Blog # 21
The Louvre. A bunch of folk looking at the Mona Lisa. They notice the enigmatic smile, the subtle modelling of form and the atmospheric illusion. They view the Sfumato style, the smoky style.
However I am not so sure they are looking at the Mona Lisa. To me their gaze, their attention, is interrupted and remade by mobile phones. Rather than taking in the experience of viewing the masterpiece, the crowd photograph it.
They will then rush on to snap Liberty Leading the People, The Raft of Medusa, The Death of the Virgin, and The Coronation of Napoleon. All eminently snap-able.
I’m wondering why do we feel the need to photograph rather than look? To snap rather than stare.
I am genuinely wondering since the phenomena now appears to be going global. Art galleries, football games, rock concerts, tourist attractions are all snapped, images grabbed and moments acquired. Millions of digital files are made, stored and then?
I am wondering why.
I have to be careful. The question places us, the ‘sophisticated art lovers’ who really know how to properly appreciate a painting ! Against them, the rowdy rabble only concerned with snapping away. It risks elitism and snobbishness.
I’m trying to understand as I surmise that something significant is going on here.

First thought . . .Maybe the crowd wish to remember this looking, this image, to cement a memory, by making it solid in their phones.
I’m not wholly convinced that memory alone is a significant factor here. This image, the Mona Lisa, is ubiquitous. Google it, buy the reproduction, buy the tea towel, buy the book, buy the postcard. We are probably unable to forget images of the Mona Lisa, the memories are everywhere. Do we also need them on our iPhone?
Somehow it’s like a vicious circle: maybe the reason why everyone looks for the Mona Lisa is because its one of the most reproduced works of art, so there you go and reproduce it again and again and again .. . .
Second thought. . . . ‘I snap to prove I have been there, I’ve done that’. Proof of a visit, proof of an experience. Now I can share it with my friends and family, I can share it on social media, I can bore a dinner party with it. I was there. I, individual was there.
This of course is not a new phenomena, it has always been common to purchase a souvenir of a visit, or send a postcard, in order to remember the occasion. ‘I was there’. How many souvenirs would we have purchased, or how many postcards would we have sent to friends in order to prove our visit ? Two or three maybe, certainly not the tens, or even the hundreds of mobile phone images taken. This seems more like an obsession rather than a traditional activity.
These thoughts again I feel are not the complete story but they certainly give us a clue to lead us on.
Third thought . . . . The ‘Times They Are a-Changing’. Well yes, but just as importantly time is changing. Time has speeded up. Time seems to be much in demand but in short supply. A shrinking globe, high-tech rapid communication, flying to Australia non-stop, motorways, instant news, online shopping and perhaps most revealing of all Instagram. Instagram is an amalgam of ‘instant camera’ and ‘telegram’, both are speed freaks.
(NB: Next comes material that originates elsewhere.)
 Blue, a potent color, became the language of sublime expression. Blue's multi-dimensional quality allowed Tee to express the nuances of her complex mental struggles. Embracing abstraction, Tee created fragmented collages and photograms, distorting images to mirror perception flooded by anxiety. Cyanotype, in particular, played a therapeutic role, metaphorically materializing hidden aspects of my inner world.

These all reduce available time . . .
We feel as if we are on an unstoppable
conveyor belt that brings us new tasks
as fast as we can dispose of the old ones,
becoming more productive seems to
cause the belt to speed up
Edward T Hall

Time is squeezed as life accelerates and everyone becomes more impatient. We are in a state of ‘Joyless urgency’ What happened to ‘stand and stare’?
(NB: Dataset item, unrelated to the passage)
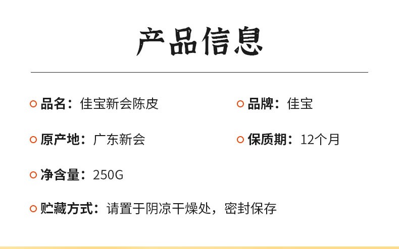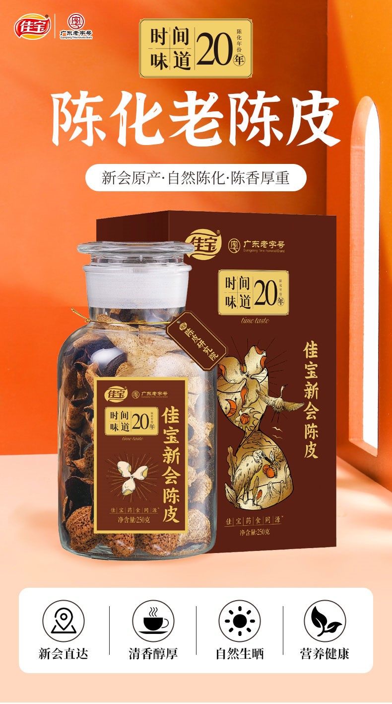 佳宝正品甄选新会陈皮(20年)250g国货精品礼盒广东老字号煲汤泡茶

For many aeons, time was not a thing or even a way of life. In the early agricultural period it is thought that concerns about time did not exist. The day was a day and a season was a season.
The industrial revolution and the clock changed all this. Factories demanded the coordination of hundreds of people, fixed hours, fixed in, fixed out, six days a week, to keep the machines running.
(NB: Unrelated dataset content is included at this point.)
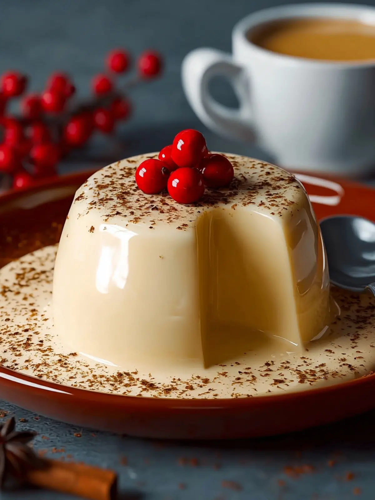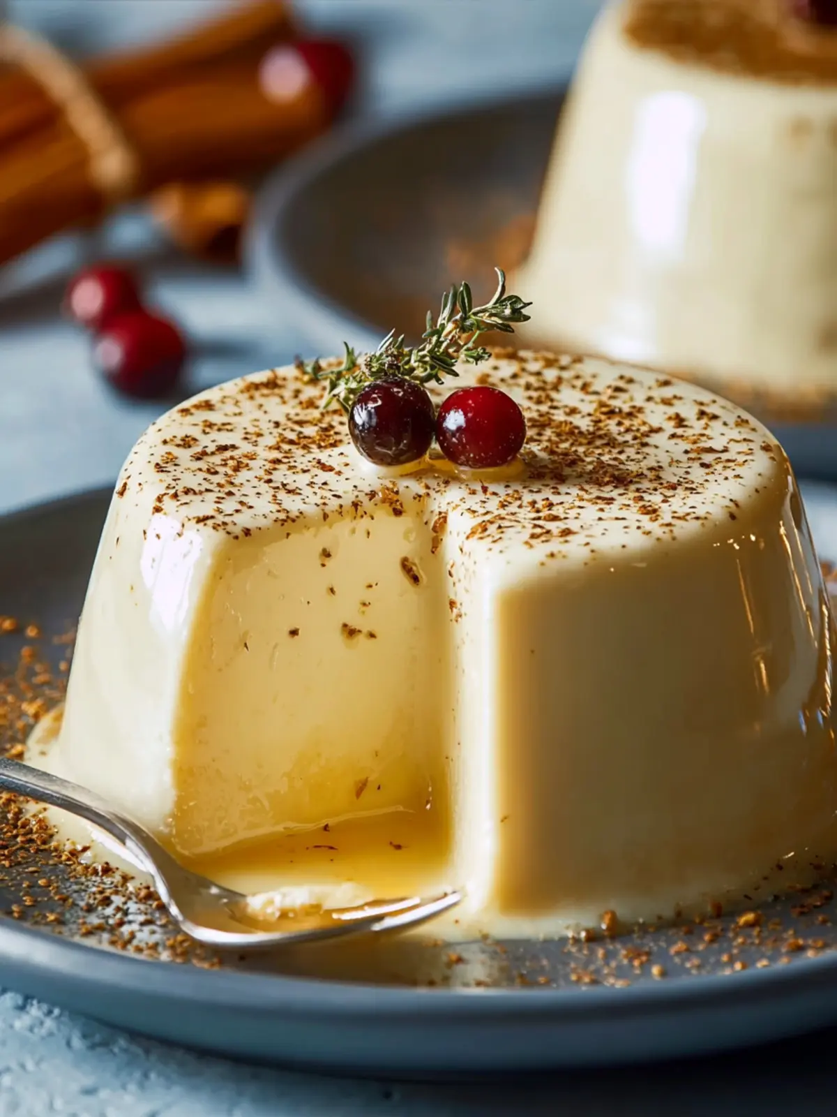 Nutmeg and Cinnamon: Finish your panna cotta with a light sprinkle of freshly grated nutmeg or ground cinnamon. The aromatic notes evoke holiday memories and enhance the flavor profile.

Time became an abstract entity, a thing out there, and soon became used as a resource. Time became something to be bought and sold. Time became a thing to be used, to be made better use of. A pressure, a struggle. A struggle with the clock.
The trouble with attempting to master time
is that time ends up mastering you
Oliver Burkeman
Most people spend 15 to 30 seconds in front of a work of art according to Museum researchers. It takes less than1 second to make a snap of the Mona Lisa with a mobile phone.
The problem of course is that it takes time to appreciate a painting or any work of art. Art is a tactile thing and what a pity that so much of painting is protected by glass, imagine be able to smell the art. Looking for minutes rather than seconds will allow you to see the details, the marks, the brush strokes, the story, perhaps even the meaning. Constant photo taking may actually diminish our ability to recall our experiences, divert our attention, and take us out of the moment.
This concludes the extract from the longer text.